Hartford Parks system is of great historic significance to the evolution of American public parks. Pioneering landscape architect Frederick Law Olmsted was a native of the city and his firm played a key role in planning Hartford’s park system. Six of Hartford’s parks are on the National Register of Historic Places: Bushnell Park, Keney Park, Colt Park, Elizabeth Park, Sigourney Park, and Charter Oak Landing.

Hartford is blessed with the nation’s first publicly-funded municipal park, Bushnell Park (1854), as well as America’s the first municipal rose garden in Elizabeth Park.
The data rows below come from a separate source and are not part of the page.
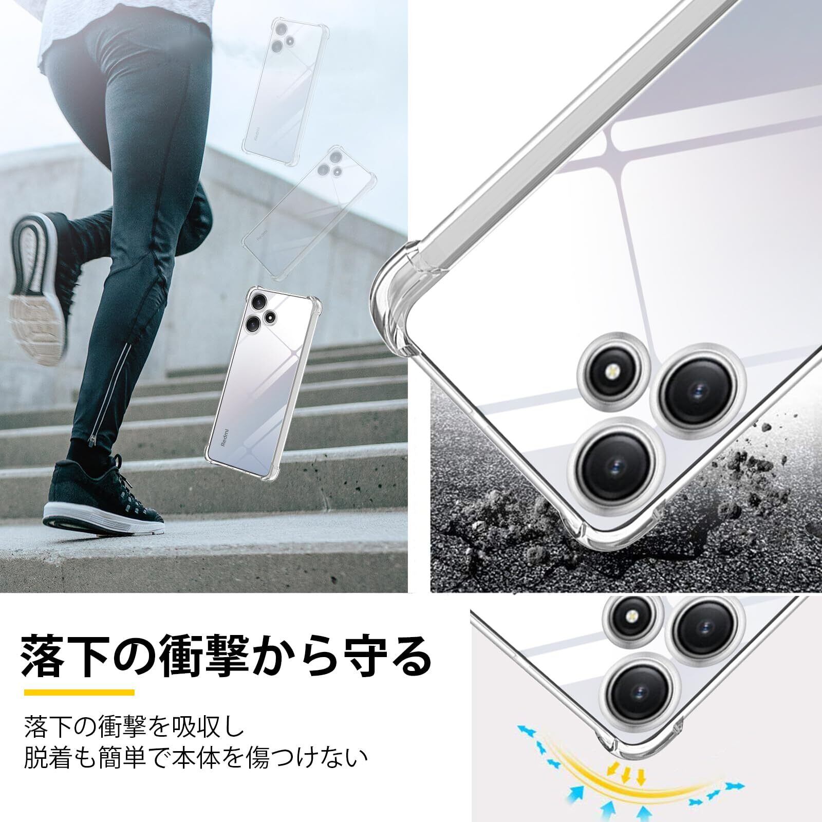 Redmi 12 5G ケースクリア TPU 薄型 軽量 耐衝撃 米軍MIL規格取得 滑り止め 黄変防止 防塵 一体型 人気 携帯カバー(クリア)
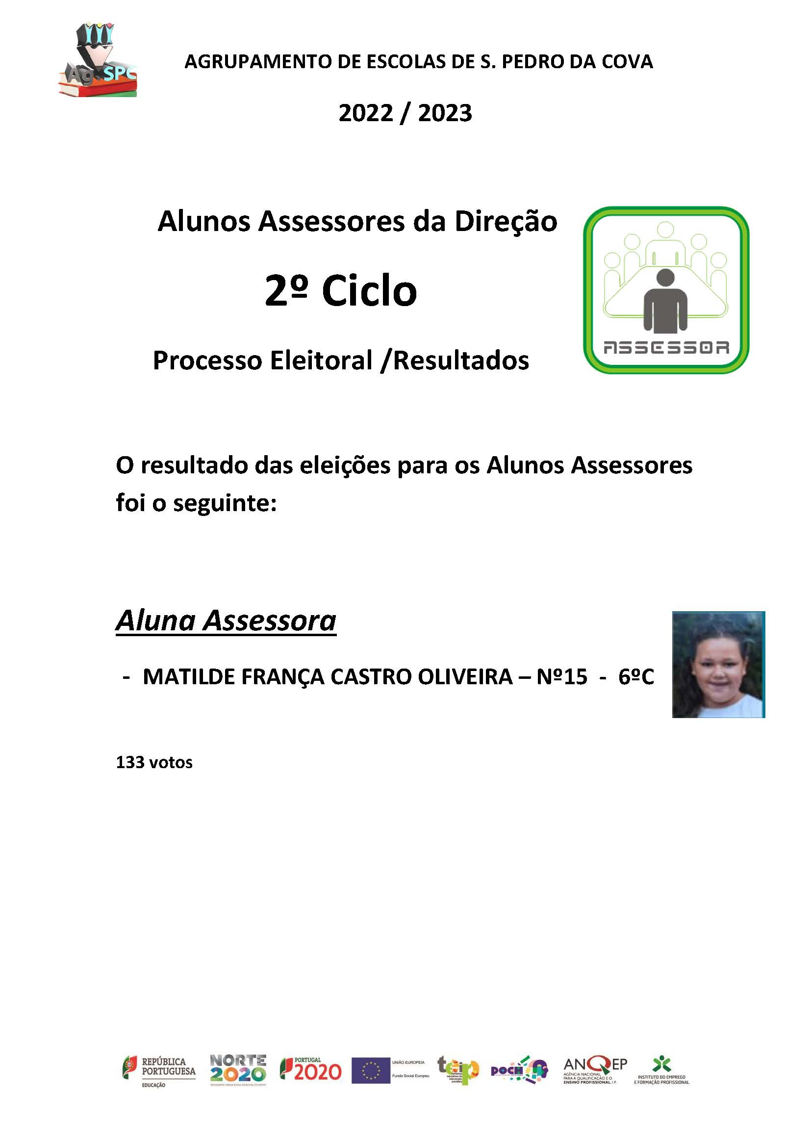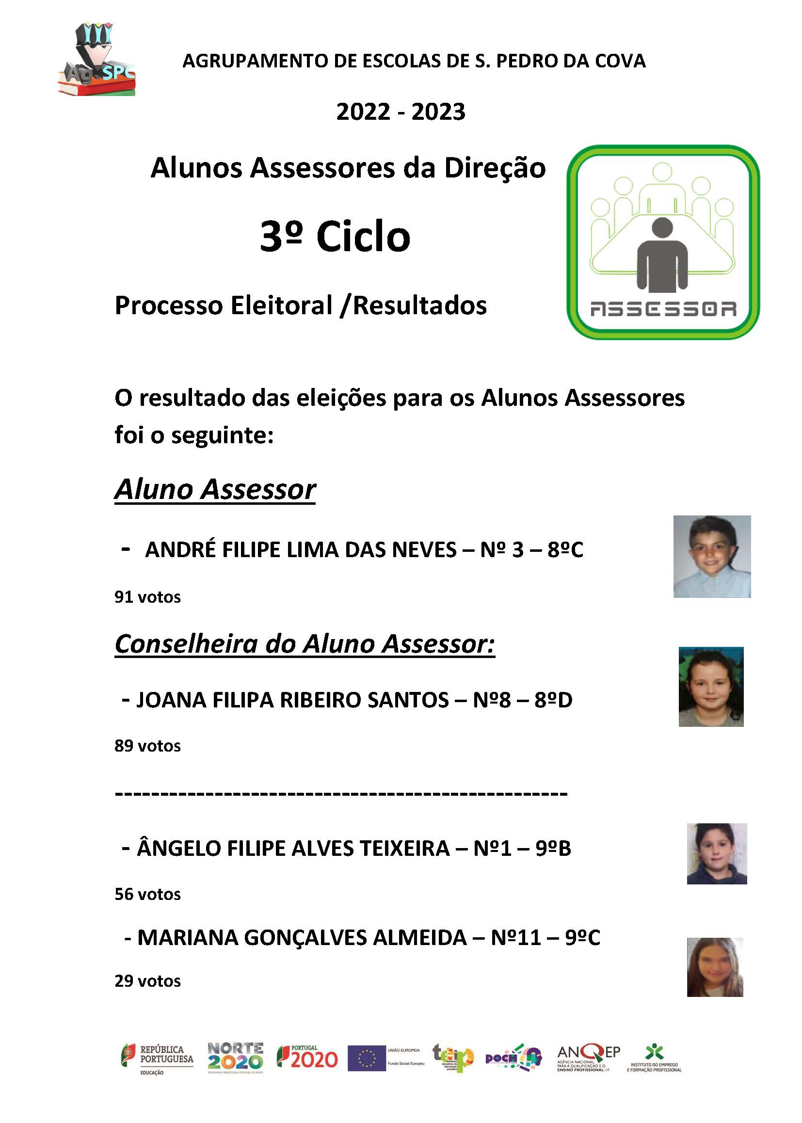 Informa-se toda a comunidade educativa que se encontram disponíveis os resultados eleitorais "Alunos Assessores da Direção 2022/2023".
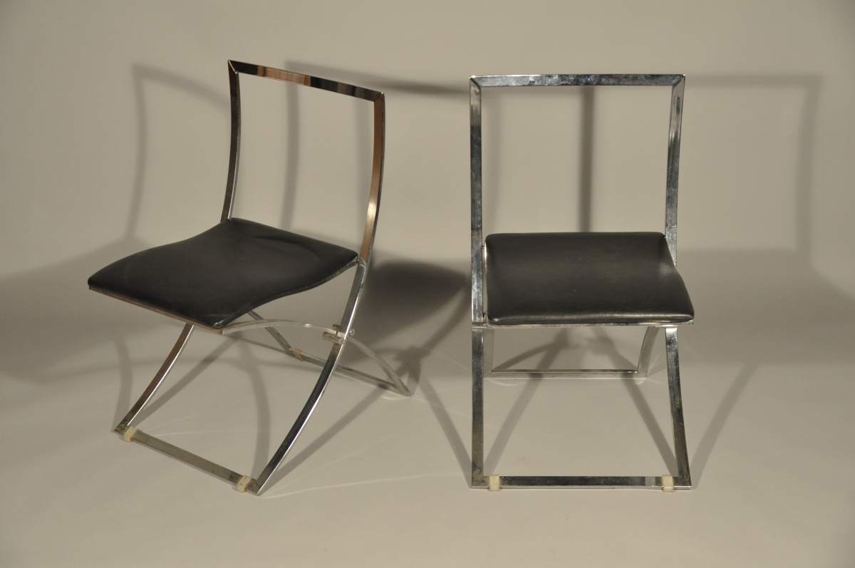 PAIRE de CHAISES pliantes en métal chromé. Assise en cuir noir.
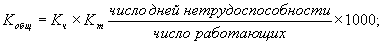 • общий коэффициент (Кобщ) - показатель трудовых потерь в расчете на 1000 работающих:
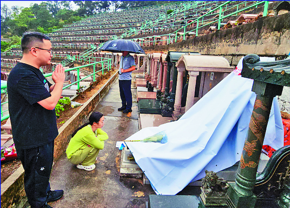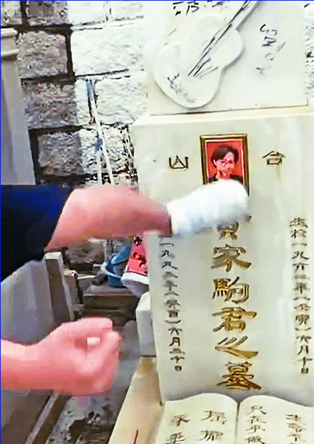 A tourist, Su, who came from Sichuan to pray for Wong, could not hold back her tears as she saw the tarp over the gravestone.
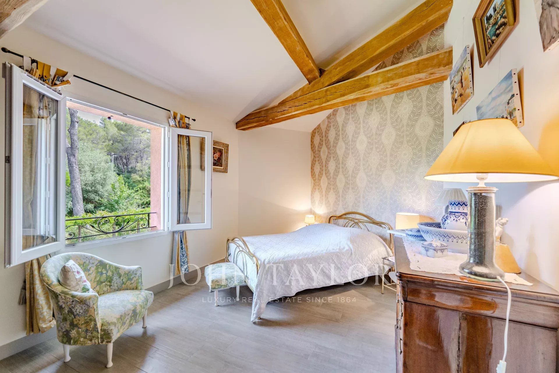 Built on a large, flat plot of 3,171 m², the property enjoys a south-facing exposition and a beautifully maintained Provençal garden planted with Mediterranean species, complete with a pond and a fountain that bring a sense of serenity and charm.
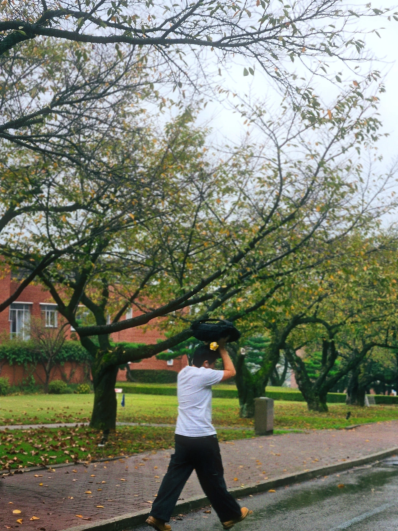 가방 하나로 쏟아지는 하늘을 가린 채
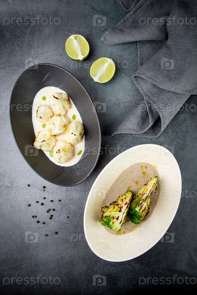Вареная цветная капуста в грибном соусе с лаймом и брокколи
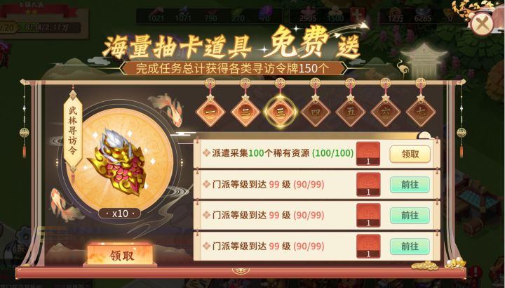 掌门大人下午好,我是福利大侠过儿~随着新版本的到来,武林迎来了全新的挑战与机遇。咱们的全民福利——七日目标,也迎来了全方位的升级,加入【武林寻访令】【侠客卡牌】等稀有道具。【武林寻访令】有别于以往的的寻访令牌,它拥有着聚集使用者“心愿之力”的特性,使用该特性,可大幅提高抽取目标侠客的概率,让你如欧皇附体一般连抽连中,带给你前所未有的劲爽抽卡体验!助你能在七日目标的加持下养成自己心仪的侠客在

The Park and Recreation Advisory Commission

Consists up to twenty-one members. These members include representatives of the active friends of parks groups and the remaining members are nominated by the Mayor and subject to approval by the Council on an at-large basis without regard to the neighborhood in which they reside. It provides input and feedback concerning the use of parks by the general public, park management, and park policies and recreation program formulation to the Director of Families, Children, Youth, and Recreation. It is to have working relationships with schools, community and civic organizations and provide the general public with information and education as regards recreation and park maintenance. The Commission serves as the contact point for the public to express their opinions and requests relative to recreational programming in Hartford. The commission meets the last Tuesday of every month. These meetings are open to the public.